## Your objective
Copy everything in the data below exactly except the pictures.

## Records provided
<<<<
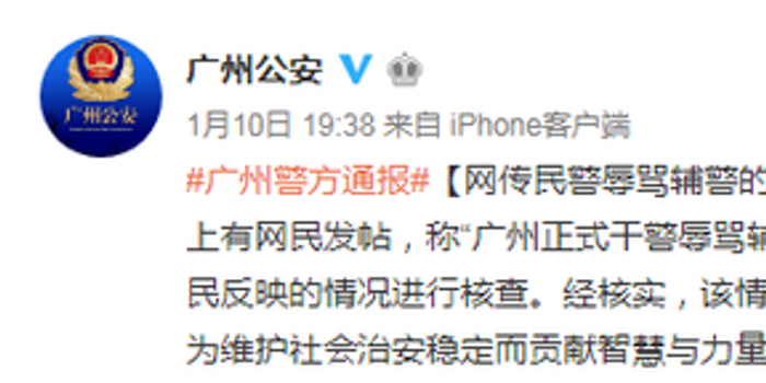 关注(原标题:网传民警辱骂辅警的视频发生地不在广州)
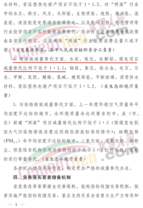 能源消費(fèi)減量替代方面:水泥減量替代比例不低于1∶1.5;
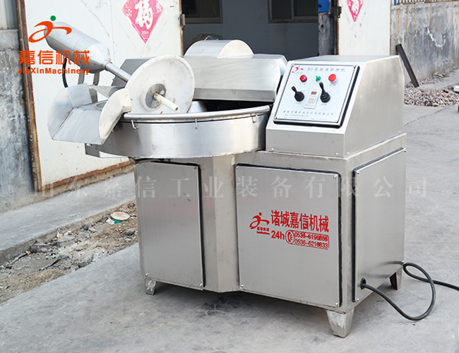 斬拌機(jī)利用斬刀高速旋轉(zhuǎn)的斬切作用,將肉塊,碎肉,脂肪等主要原料精細(xì)的斬切成肉餡或肉泥,同時(shí)將其它原料如水,冰片,輔料一起攪拌成均勻的乳狀物。斬刀高速旋轉(zhuǎn),可以縮短運(yùn)行時(shí)間,減少物料發(fā)熱量,保持餡料的天然色澤、彈性、出品率和產(chǎn)品的保質(zhì)期。
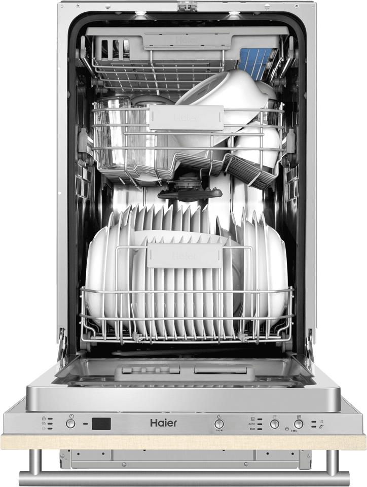 Haier DW10-198BT3RU — узкая встраиваемая посудомоечная машина, которая избавит от необходимости мыть посуду вручную и сэкономит место на кухне. Ширина модели — 45 см, вместо стандартных 60 см. При этом она большой вместимости — до 10 комплектов посуды. За раз можно помыть сразу много — это оценят большие семьи и те, кто любит готовить или часто принимает гостей. В машине максимально эффективно организовано внутреннее пространство. Есть удобная выдвижная верхняя корзина для столовых приборов и мелкой утвари. Средняя корзина — с изменяемой высотой установки, чтобы можно было мыть посуду разного размера и объёмов. В корзинах есть складные держатели для посуды — дополнительное важное удобство. Есть подсветка в рабочей камере — даже мелкие предметы не останутся незамеченными. Предусмотрены несколько программ мытья для посуды разного типа и степени загрязнения. Среди них автоматическая — машина оптимизирует цикл мытья, в зависимости от загрузки и степени загрязнения посуды. Благодаря световой индикации — технология «луч на полу» — всегда понятно на каком этапе цикл мытья, закончился он или нет. Посудомоечная машина Haier DW10-198BT3RU — помоет посуду без вашего участия, освобождая время для более приятных занятий.
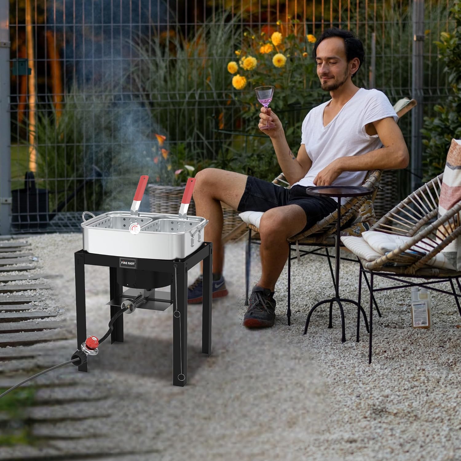 - PRECISION COOKING WITH THERMOMETER: Unlike standard fryers, the FireRiot deep fryer comes with a stainless-steel thermometer for accurate oil temperature readings. Achieve optimal frying conditions effortlessly, enhancing your cooking results and ensuring perfectly fried foods.
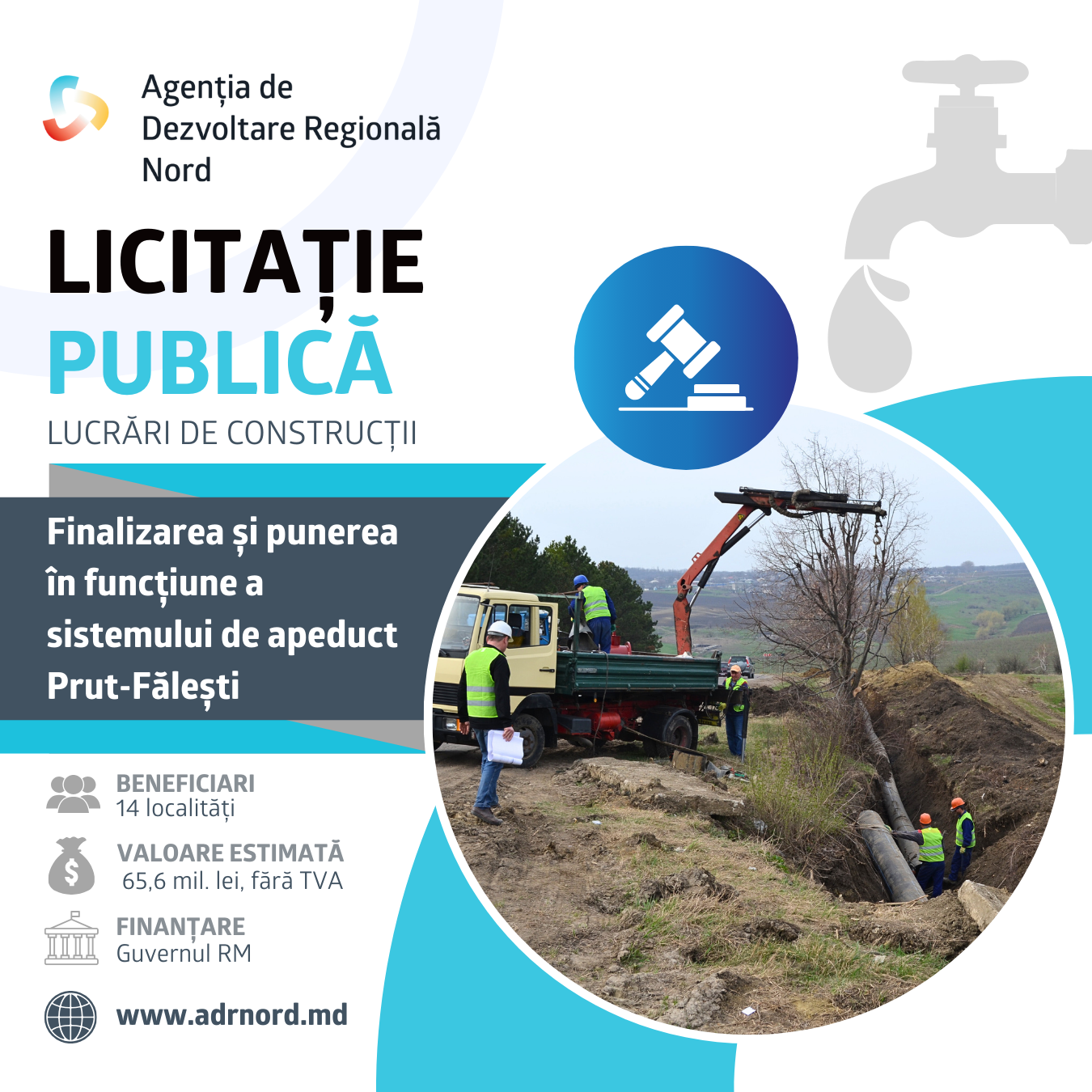 Agenția de Dezvoltare Regională Nord a lansat procedura de licitație publică pentru executarea lucrărilor de construcții în cadrul proiectului „Finalizarea și punerea în funcțiune a sistemului de apeduct Prut-Fălești”. Acest proiect va răspunde nevoilor de furnizare a apei de calitate și serviciilor de aprovizionare cu apă din râul Prut pentru 14 localități din raioanele Fălești și Ungheni, prin efectuarea lucrărilor de construcție-montaj stabilite în versiunea actualizată a proiectului tehnic. În prima etapă, noul proiect prevede construcția aducțiilor cu o lungime totală de 15 km către orașul Fălești și localitățile Sculeni (s. Gherman), Horești (s. Lucăceni, s. Unteni), Risipeni (s. Bocșa), Izvoare, Călugăr (s. Frumușica), Făleștii Noi, Albinețul Vechi și Năvârneț. De asemenea, este planificată construcția unei aducții magistrale cu o lungime 1,5 km și se prevede posibilitatea renovării a 4,5 km de apeduct magistral existent. Implementarea proiectului „Finalizarea și punerea în funcțiune a sistemului de apeduct Prut-Fălești” a fost divizată în două etape: proiectarea (reproiectare) și lucrările de construcții. Reproiectarea documentației tehnice s-a încheiat în august 2025. Valoarea totală a lucrărilor de construcții a fost estimată la 65.618.050 MDL, fără TVA. Proiectul este finanțat de Guvernul Republicii Moldova, prin Fondul Național pentru Dezvoltare Regională și Locală, cofinanțat de Consiliul Raional Fălești și implementat de Agenția de Dezvoltare Regională Nord. Lucrările de construcție-montaj a vechiului sistem de alimentare cu apă din râul Prut a localităților din raionul Fălești au demarat în anul 1984. De atunci, au fost realizate mai multe măsuri investiționale în acest sens. În anul 2012, după montarea unei stații de tratare a apei din orașul Fălești, apa din Prut nu a ajuns în casele făleștenilor din cauza vechiului apeduct magistral Prut-Fălești, care a cedat. Ulterior au urmat alte investiții pentru redresarea situației. Perioada clarificărilor: 8 decembrie 2025, 19:03 – 19 decembrie 2025, 12:00 Perioada de depunere a ofertelor: 19 decembrie 2025, 12:00 – 30 decembrie 2025, 11:00 Criteriu de atribuire: Prețul cel mai scăzut.
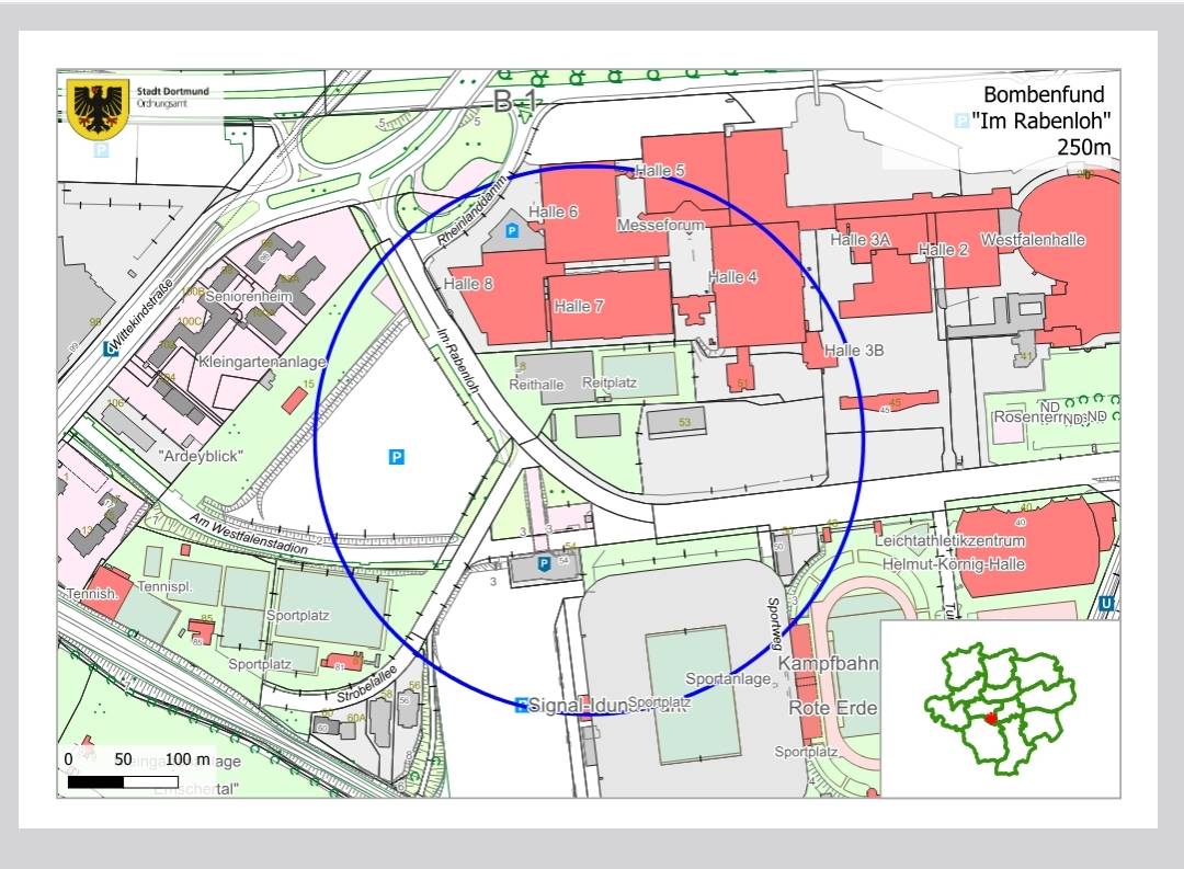Zum Evakuierungsradius zählen unter anderem die Hallen 3, 4, 5, 6, 7 und 8, der Parkplatz A8 sowie weitere angrenzende Bereiche, darunter die Straßen Strobelallee, Im Rabenloh und Rheinlanddamm, der SIGNAL IDUNA PARK und umliegende Flächen.
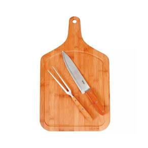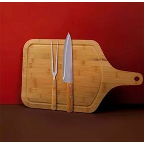 Para completar seu kit de acessórios para o final de semana, a Mor traz o conjunto Churrasco 3 peças Bamboo Tábua com Cabo. Ele é formado por uma tábua de bamboo de 30cm x 50cm com sulcos em suas bordas e um orifício no cabo para que você o pendure, mantendo-o sempre à mão. Conta com um garfo trinchante e uma faca com cabo em bambu e lâminas em aço inoxidável, ideais para o corte das mais diversas carnes. Além de ecologicamente correto, o bambu é um material extremamente resistente e durável. Você recebe esse conjunto em uma caixa própria para presentear aquele amigo que é um churrasqueiro de mão cheia Especificações: Material: Aço Inox, Bamboo Medidas: 01 Tábua - 50cm x 30cm x 1,5cm 01 Faca - 33cm x 4cm x 1,8cm 01 Garfo - 29cm x 2,7cm x 1,8cm Peso: 1,4kg Itens Inclusos: 01 Tabua 01 Garfo 01 Faca
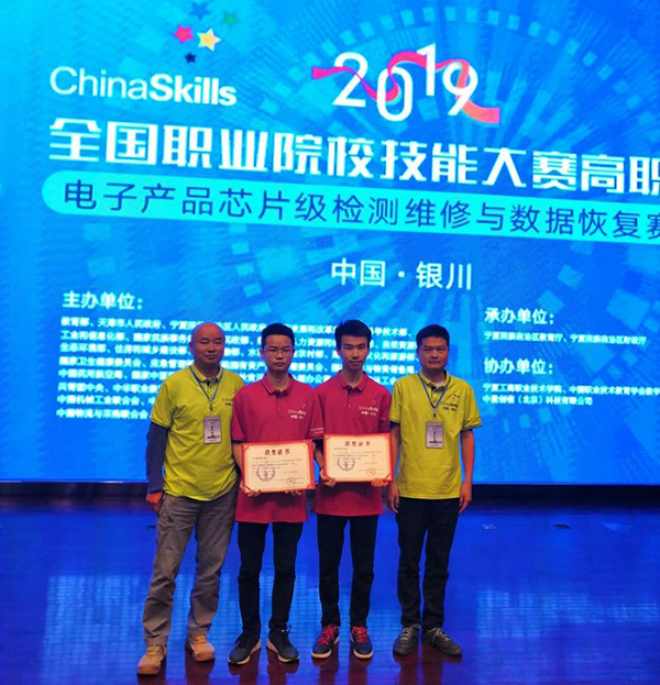 本网讯 (苏命峰) 5月10日-12日,2019年全国职业院校技能大赛电子产品芯片级检测维修与数据恢复赛项(高职组)在宁夏工商职业技术学院成功举办,来自全国30个省、自治区、直辖市的90支代表队共180名选手参赛。我校由刘丹、苏神保两位老师指导,来自18大数据1班李帅、17电信3班蔡文超组成的代表队不畏强手、奋勇拼搏、表现出色,荣获二等奖。
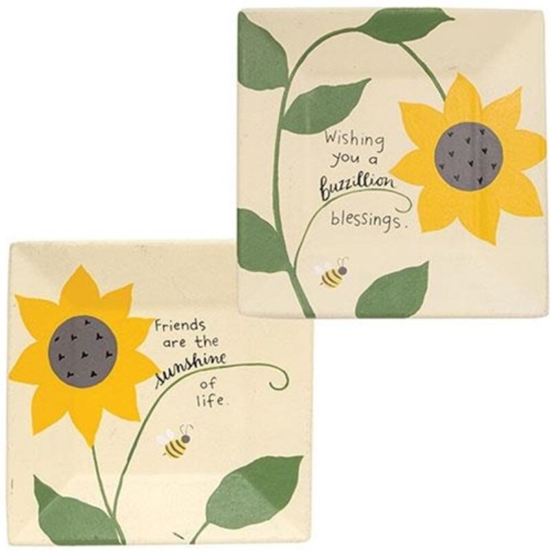 Buzzillion Blessings Square Plate 2 Asstd. - H - 8.25 in. W - 0.75 in. L - 8.25 in.
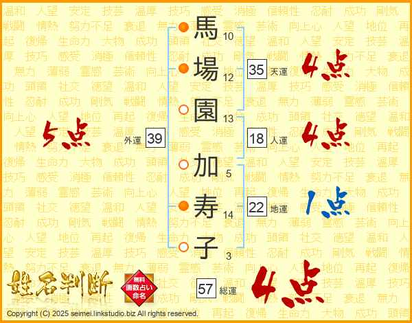 馬(10画)場(12画)園(13画) 加(5画)寿(14画)子(3画)
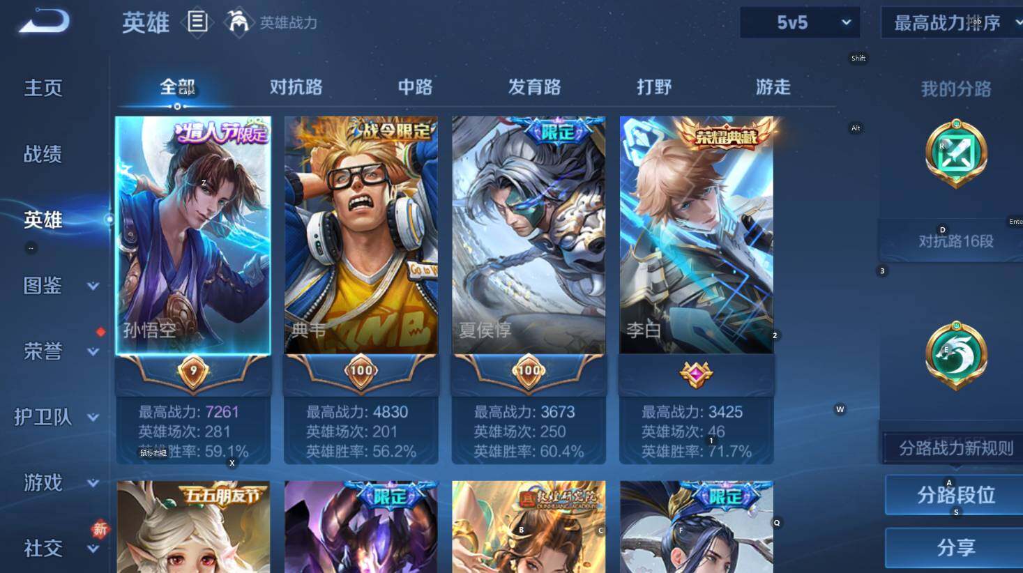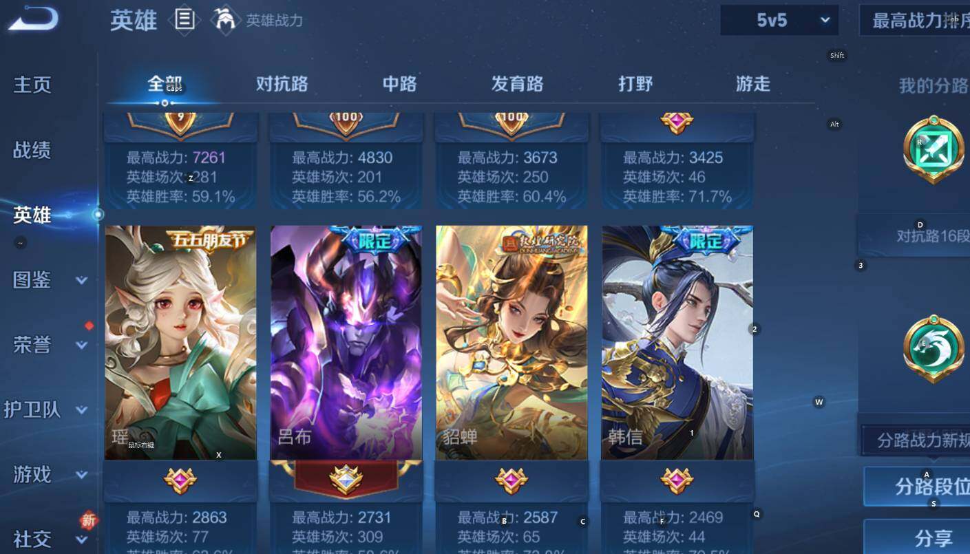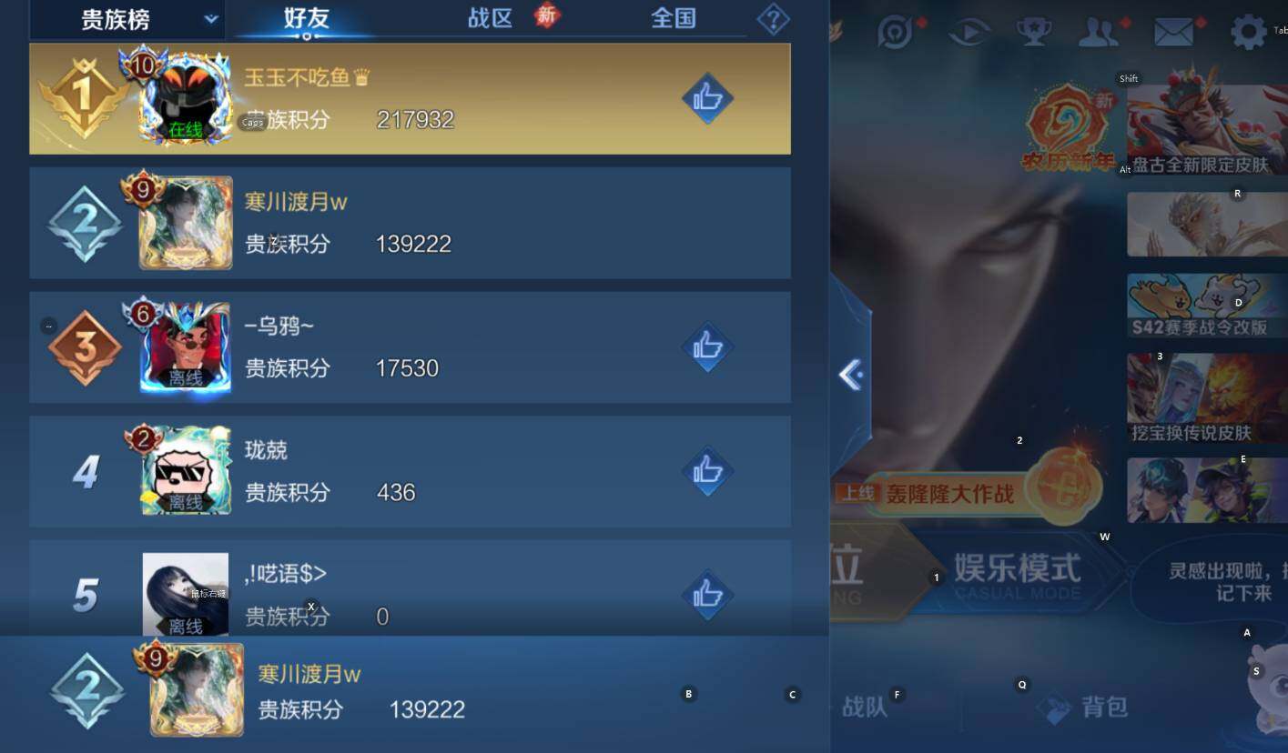 贵族9-331皮2典藏21传说1无双-5个英雄全皮 安卓手Q166区331
>>>>
## Completed exercise
 关注(原标题:网传民警辱骂辅警的视频发生地不在广州)
 能源消費(fèi)減量替代方面:水泥減量替代比例不低于1∶1.5;
 斬拌機(jī)利用斬刀高速旋轉(zhuǎn)的斬切作用,將肉塊,碎肉,脂肪等主要原料精細(xì)的斬切成肉餡或肉泥,同時(shí)將其它原料如水,冰片,輔料一起攪拌成均勻的乳狀物。斬刀高速旋轉(zhuǎn),可以縮短運(yùn)行時(shí)間,減少物料發(fā)熱量,保持餡料的天然色澤、彈性、出品率和產(chǎn)品的保質(zhì)期。
 Haier DW10-198BT3RU — узкая встраиваемая посудомоечная машина, которая избавит от необходимости мыть посуду вручную и сэкономит место на кухне. Ширина модели — 45 см, вместо стандартных 60 см. При этом она большой вместимости — до 10 комплектов посуды. За раз можно помыть сразу много — это оценят большие семьи и те, кто любит готовить или часто принимает гостей. В машине максимально эффективно организовано внутреннее пространство. Есть удобная выдвижная верхняя корзина для столовых приборов и мелкой утвари. Средняя корзина — с изменяемой высотой установки, чтобы можно было мыть посуду разного размера и объёмов. В корзинах есть складные держатели для посуды — дополнительное важное удобство. Есть подсветка в рабочей камере — даже мелкие предметы не останутся незамеченными. Предусмотрены несколько программ мытья для посуды разного типа и степени загрязнения. Среди них автоматическая — машина оптимизирует цикл мытья, в зависимости от загрузки и степени загрязнения посуды. Благодаря световой индикации — технология «луч на полу» — всегда понятно на каком этапе цикл мытья, закончился он или нет. Посудомоечная машина Haier DW10-198BT3RU — помоет посуду без вашего участия, освобождая время для более приятных занятий.
 - PRECISION COOKING WITH THERMOMETER: Unlike standard fryers, the FireRiot deep fryer comes with a stainless-steel thermometer for accurate oil temperature readings. Achieve optimal frying conditions effortlessly, enhancing your cooking results and ensuring perfectly fried foods.
 Agenția de Dezvoltare Regională Nord a lansat procedura de licitație publică pentru executarea lucrărilor de construcții în cadrul proiectului „Finalizarea și punerea în funcțiune a sistemului de apeduct Prut-Fălești”. Acest proiect va răspunde nevoilor de furnizare a apei de calitate și serviciilor de aprovizionare cu apă din râul Prut pentru 14 localități din raioanele Fălești și Ungheni, prin efectuarea lucrărilor de construcție-montaj stabilite în versiunea actualizată a proiectului tehnic. În prima etapă, noul proiect prevede construcția aducțiilor cu o lungime totală de 15 km către orașul Fălești și localitățile Sculeni (s. Gherman), Horești (s. Lucăceni, s. Unteni), Risipeni (s. Bocșa), Izvoare, Călugăr (s. Frumușica), Făleștii Noi, Albinețul Vechi și Năvârneț. De asemenea, este planificată construcția unei aducții magistrale cu o lungime 1,5 km și se prevede posibilitatea renovării a 4,5 km de apeduct magistral existent. Implementarea proiectului „Finalizarea și punerea în funcțiune a sistemului de apeduct Prut-Fălești” a fost divizată în două etape: proiectarea (reproiectare) și lucrările de construcții. Reproiectarea documentației tehnice s-a încheiat în august 2025. Valoarea totală a lucrărilor de construcții a fost estimată la 65.618.050 MDL, fără TVA. Proiectul este finanțat de Guvernul Republicii Moldova, prin Fondul Național pentru Dezvoltare Regională și Locală, cofinanțat de Consiliul Raional Fălești și implementat de Agenția de Dezvoltare Regională Nord. Lucrările de construcție-montaj a vechiului sistem de alimentare cu apă din râul Prut a localităților din raionul Fălești au demarat în anul 1984. De atunci, au fost realizate mai multe măsuri investiționale în acest sens. În anul 2012, după montarea unei stații de tratare a apei din orașul Fălești, apa din Prut nu a ajuns în casele făleștenilor din cauza vechiului apeduct magistral Prut-Fălești, care a cedat. Ulterior au urmat alte investiții pentru redresarea situației. Perioada clarificărilor: 8 decembrie 2025, 19:03 – 19 decembrie 2025, 12:00 Perioada de depunere a ofertelor: 19 decembrie 2025, 12:00 – 30 decembrie 2025, 11:00 Criteriu de atribuire: Prețul cel mai scăzut.
Zum Evakuierungsradius zählen unter anderem die Hallen 3, 4, 5, 6, 7 und 8, der Parkplatz A8 sowie weitere angrenzende Bereiche, darunter die Straßen Strobelallee, Im Rabenloh und Rheinlanddamm, der SIGNAL IDUNA PARK und umliegende Flächen.
 Para completar seu kit de acessórios para o final de semana, a Mor traz o conjunto Churrasco 3 peças Bamboo Tábua com Cabo. Ele é formado por uma tábua de bamboo de 30cm x 50cm com sulcos em suas bordas e um orifício no cabo para que você o pendure, mantendo-o sempre à mão. Conta com um garfo trinchante e uma faca com cabo em bambu e lâminas em aço inoxidável, ideais para o corte das mais diversas carnes. Além de ecologicamente correto, o bambu é um material extremamente resistente e durável. Você recebe esse conjunto em uma caixa própria para presentear aquele amigo que é um churrasqueiro de mão cheia Especificações: Material: Aço Inox, Bamboo Medidas: 01 Tábua - 50cm x 30cm x 1,5cm 01 Faca - 33cm x 4cm x 1,8cm 01 Garfo - 29cm x 2,7cm x 1,8cm Peso: 1,4kg Itens Inclusos: 01 Tabua 01 Garfo 01 Faca
 本网讯 (苏命峰) 5月10日-12日,2019年全国职业院校技能大赛电子产品芯片级检测维修与数据恢复赛项(高职组)在宁夏工商职业技术学院成功举办,来自全国30个省、自治区、直辖市的90支代表队共180名选手参赛。我校由刘丹、苏神保两位老师指导,来自18大数据1班李帅、17电信3班蔡文超组成的代表队不畏强手、奋勇拼搏、表现出色,荣获二等奖。
 Buzzillion Blessings Square Plate 2 Asstd. - H - 8.25 in. W - 0.75 in. L - 8.25 in.
 馬(10画)場(12画)園(13画) 加(5画)寿(14画)子(3画)
 贵族9-331皮2典藏21传说1无双-5个英雄全皮 安卓手Q166区331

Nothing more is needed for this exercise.